If [Donald] Trump loses narrowly, it will make it much harder for the GOP to unify. Under that scenario, the Trumpists are likely to argue that the election was lost because the Republican establishment failed to rally around the choice their own voters made.
Mara Liasson

39.
Does Donald Trump accept the results and concede graciously, pursue legal action, or tell his followers to take to the streets?
Mara Liasson

40.
Republican candidates have won whites with college degrees in every presidential election since polling began.
Mara Liasson

41.
White voters were 72 percent of the electorate in 2012, and their share of the population has shrunk a couple points since then. [Donald] Trump has had trouble winning certain segments of the white vote, such as suburban women and college-educated voters.
Mara Liasson

42.
Mitt Romney got 59 percent of the white vote in 2012, considered by many to be a high-water mark with this demographic group.

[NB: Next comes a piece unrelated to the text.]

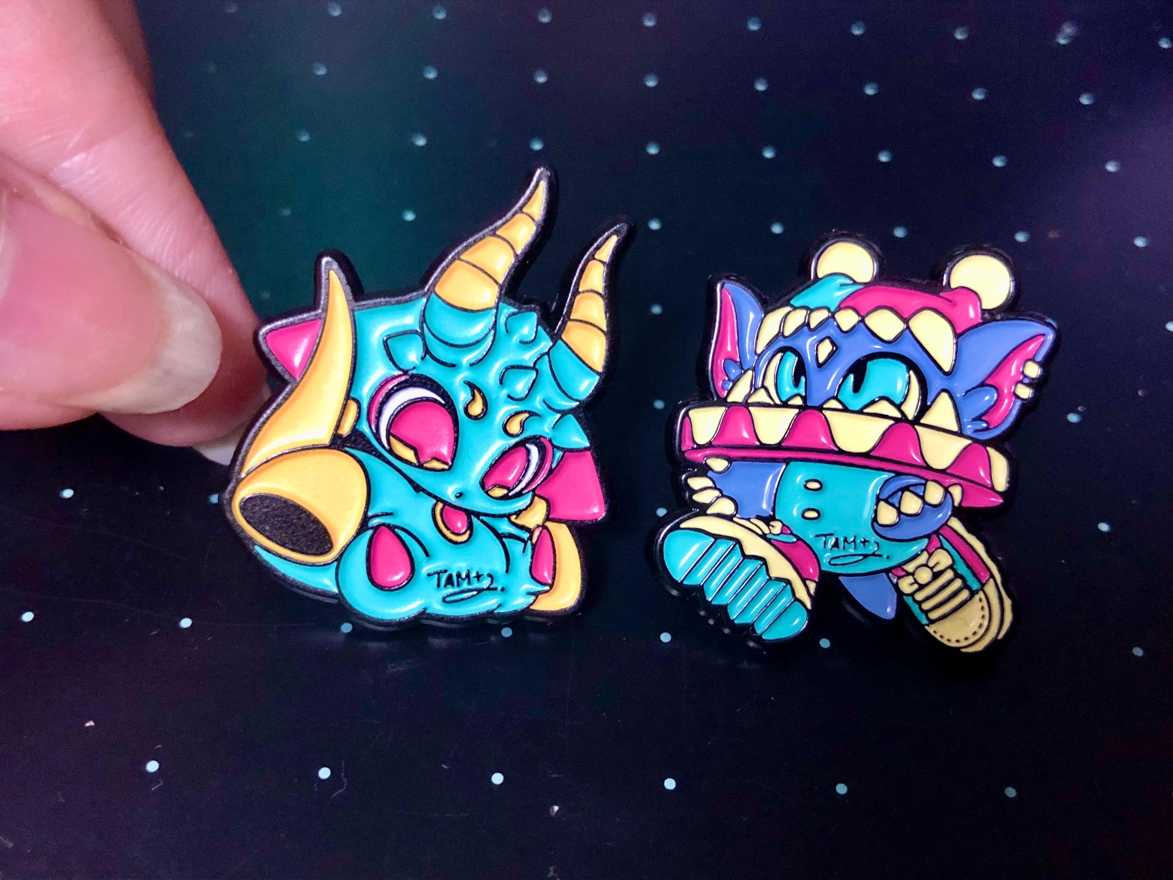 ヒュウロン(左)とコブ(右)のエナメルピンです。
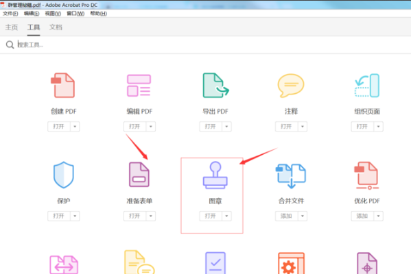 1、首先在电脑桌面打开任意一个PDF文档,或者打开需要加盖印章的PDF文件,打开PDF文档后,点击工具菜单,在工具菜单中找到图章选项;

Can [Donald] Trump win a higher share of white voters than Romney and get more of them to turn out?
Mara Liasson

43.
[Donald] Trump's path to victory depends on getting historic levels of support from white voters, and particularly large numbers of white, non-college-educated voters.
Mara Liasson

44.
If she Hillary Clinton win just two of the three big battleground states - North Carolina, Florida and Virginia - she will have shut off Trump's path to 270 electoral votes, even if he wins the other toss-up states.
Mara Liasson

45.
The Republican Party, right now, is a conservative populist party.
Mara Liasson

46.
Jeb Bush was supposed to be the establishment candidate, but he didn't catch on. And the extraordinary thing about this Republican primary is that the establishment, moderate wing of the party has sidelined itself. They're not coalescing around one candidate as they have in the past.
Mara Liasson

47.
Many people feel he did cross a line in a way he hadn't even done before and also that Republicans had to speak out because they believe Trump poses a danger to the party.
Mara Liasson

48.
There's disgust with what people called a broken political system, and they're really angry at elites, whether it's the Republican establishment or particularly the media who they feel look down on them, tell them they're bigots.
Mara Liasson

49.
There was tremendous animus to President [Barack] Obama. Many of people said he was un-American, not a Christian and worse.
Mara Liasson

50.
There's a lot of anxiety about terrorism among the country at large. There's also a feeling the country has stagnated.